Il semble difficile de dire aujourd'hui précisément comment se gouvernaient les villes au dix-huitième siècle; car, indépendamment de ce que l'origine des pouvoirs municipaux change sans cesse, comme il vient d'être dit, chaque ville conserve encore quelques lambeaux de son ancienne constitution et a des usages propres. Il n'y a peut-être pas deux villes en France où tout se ressemble absolument; mais c'est là une diversité trompeuse, qui cache la similitude.

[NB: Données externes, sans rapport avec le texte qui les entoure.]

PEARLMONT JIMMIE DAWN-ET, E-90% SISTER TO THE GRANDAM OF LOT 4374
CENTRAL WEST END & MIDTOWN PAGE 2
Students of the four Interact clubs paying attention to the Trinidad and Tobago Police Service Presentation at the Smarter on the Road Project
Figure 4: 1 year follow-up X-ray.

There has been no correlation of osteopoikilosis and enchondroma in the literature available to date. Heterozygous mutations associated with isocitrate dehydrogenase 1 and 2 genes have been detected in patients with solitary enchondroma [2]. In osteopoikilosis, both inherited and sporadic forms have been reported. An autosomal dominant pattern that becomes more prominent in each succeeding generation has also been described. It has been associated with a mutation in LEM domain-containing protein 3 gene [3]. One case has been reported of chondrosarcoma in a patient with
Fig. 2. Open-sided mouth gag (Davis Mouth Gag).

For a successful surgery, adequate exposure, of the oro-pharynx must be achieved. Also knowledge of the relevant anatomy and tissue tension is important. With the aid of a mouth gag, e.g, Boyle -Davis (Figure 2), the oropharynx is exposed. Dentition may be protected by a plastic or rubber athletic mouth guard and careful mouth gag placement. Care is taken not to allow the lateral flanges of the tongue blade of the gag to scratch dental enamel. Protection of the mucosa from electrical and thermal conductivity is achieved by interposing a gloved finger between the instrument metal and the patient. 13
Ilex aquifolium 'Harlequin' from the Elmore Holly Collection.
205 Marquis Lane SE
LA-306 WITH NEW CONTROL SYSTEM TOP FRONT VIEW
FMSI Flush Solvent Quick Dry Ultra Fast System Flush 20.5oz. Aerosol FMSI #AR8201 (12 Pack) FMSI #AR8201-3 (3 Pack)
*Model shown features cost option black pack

En 1764, le gouvernement entreprit de faire une loi générale sur l'administration des villes. Il se fit envoyer par ses intendants des mémoires sur la manière dont les choses se passaient alors dans chacune d'elles. J'ai retrouvé une partie de cette enquête, et j'ai achevé de me convaincre en la lisant que les affaires municipales étaient conduites de la même manière à peu près partout. Les différences ne sont plus que superficielles et apparentes; le fond est partout le même.
Le plus souvent le gouvernement des villes est confié à deux assemblées. Toutes les grandes villes sont dans ce cas et la plupart des petites.

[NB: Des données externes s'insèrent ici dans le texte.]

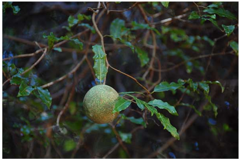
Landolphia kirkii Dyer ex Hook. f. Moribane forest, Mpunga camp; E 33.35608683, S 19.74357478; UTM36-WGS84 537308.675,7816855.135; alt 500 m
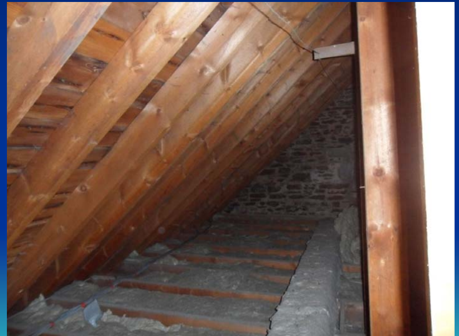
Crawling through torch-lit lofts
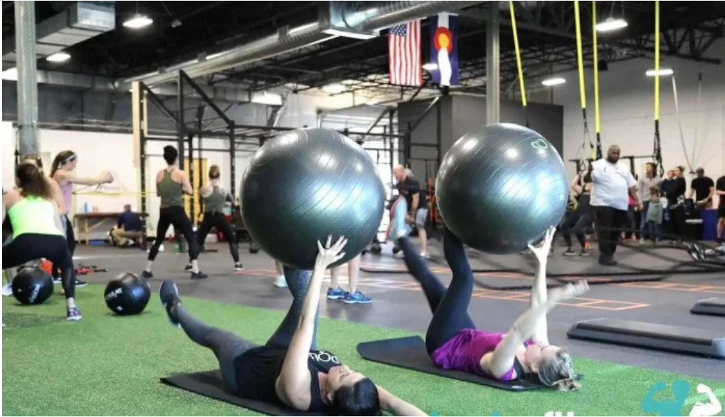
Beyond fitness and performance highlands ranch
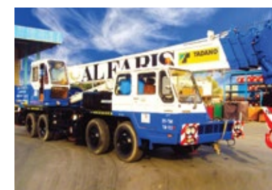
TRUCK MOUNTED CRANES
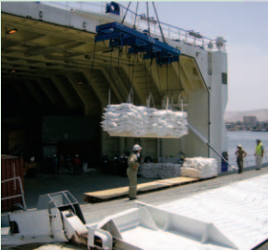
A top-pick machine, normally used to handle containers moves the food cargo to the pier.
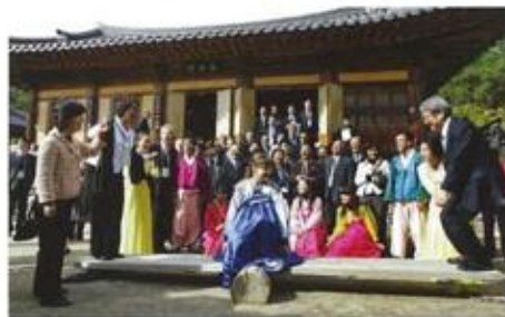
Korean Culture Experience at Keimyung's Hanhakchon
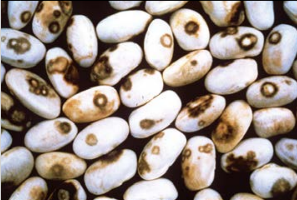
Figure 1. Dry, white bean seeds showing symptoms. Lesions on severely infected seeds may be either brown with whitish centres surrounded by a pale brown to dark brown area, or reddish lesions of variable size. Direct inspection is not considered as a dependable method, as not all infected seeds bear symptoms, and on dark-skinned varieties, symptoms are more difficult to see.
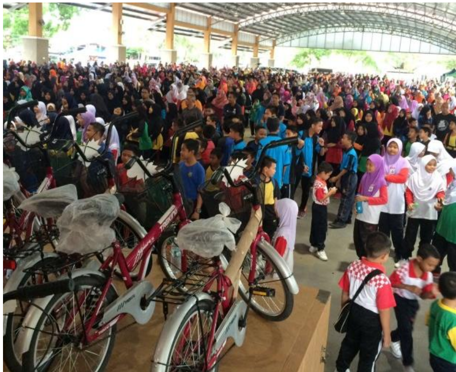
Sesi penyampai hadiah kepada pemenang Hari Sukan Negara
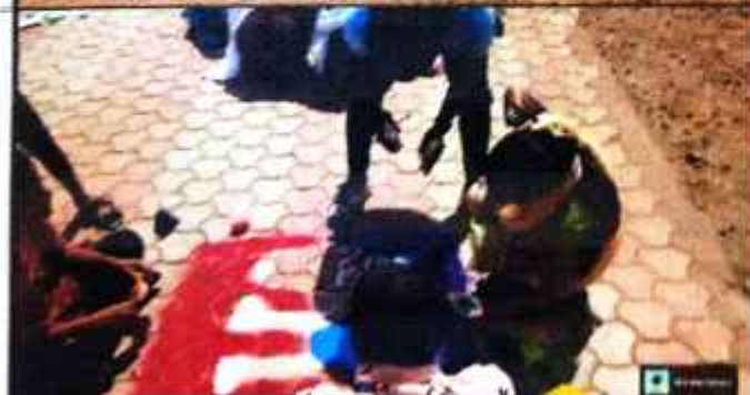
Peth Vadgaon, Maharashtra, India Unnamed Road, Peth Vadgaon, Maharashtra 416122, India Lat 16.816652° Long 74.292571° 24/02/23 12:08 PM

La première assemblée est composée d'officiers municipaux, plus ou moins nombreux suivant les lieux. C'est le pouvoir exécutif de la commune, le corps de ville, comme on disait alors. Ses membres exercent un pouvoir temporaire et sont élus, quand le roi a établi l'élection ou que la ville a pu racheter les offices. Ils remplissent leur charge à perpétuité moyennant finance, lorsque le roi a rétabli les offices et a réussi à les vendre, ce qui n'arrive pas toujours; car cette sorte de marchandise s'avilit de plus en plus à mesure que l'autorité municipale se subordonne davantage au pouvoir central. Dans tous les cas ces officiers municipaux ne reçoivent pas de salaire, mais ils ont toujours des exemptions d'impôts et des priviléges. Point d'ordre hiérarchique parmi eux; l'administration est collective. On ne voit pas de magistrat qui la dirige particulièrement et en réponde. Le maire est le président du corps de la ville, non l'administrateur de la cité.
La seconde assemblée, qu'on nomme l'assemblée générale, élit le corps de ville, là où l'élection a lieu encore, et partout elle continue à prendre part aux principales affaires.
Au quinzième siècle, l'assemblée générale se composait souvent de tout le peuple; cet usage, dit l'un des mémoires de l'enquête, était d'accord avec le génie populaire de nos anciens. C'est le peuple tout entier qui élisait alors ses officiers municipaux; c'est lui qu'on consultait quelquefois; c'est à lui qu'on rendait compte. A la fin du dix-septième siècle, cela se rencontre encore parfois.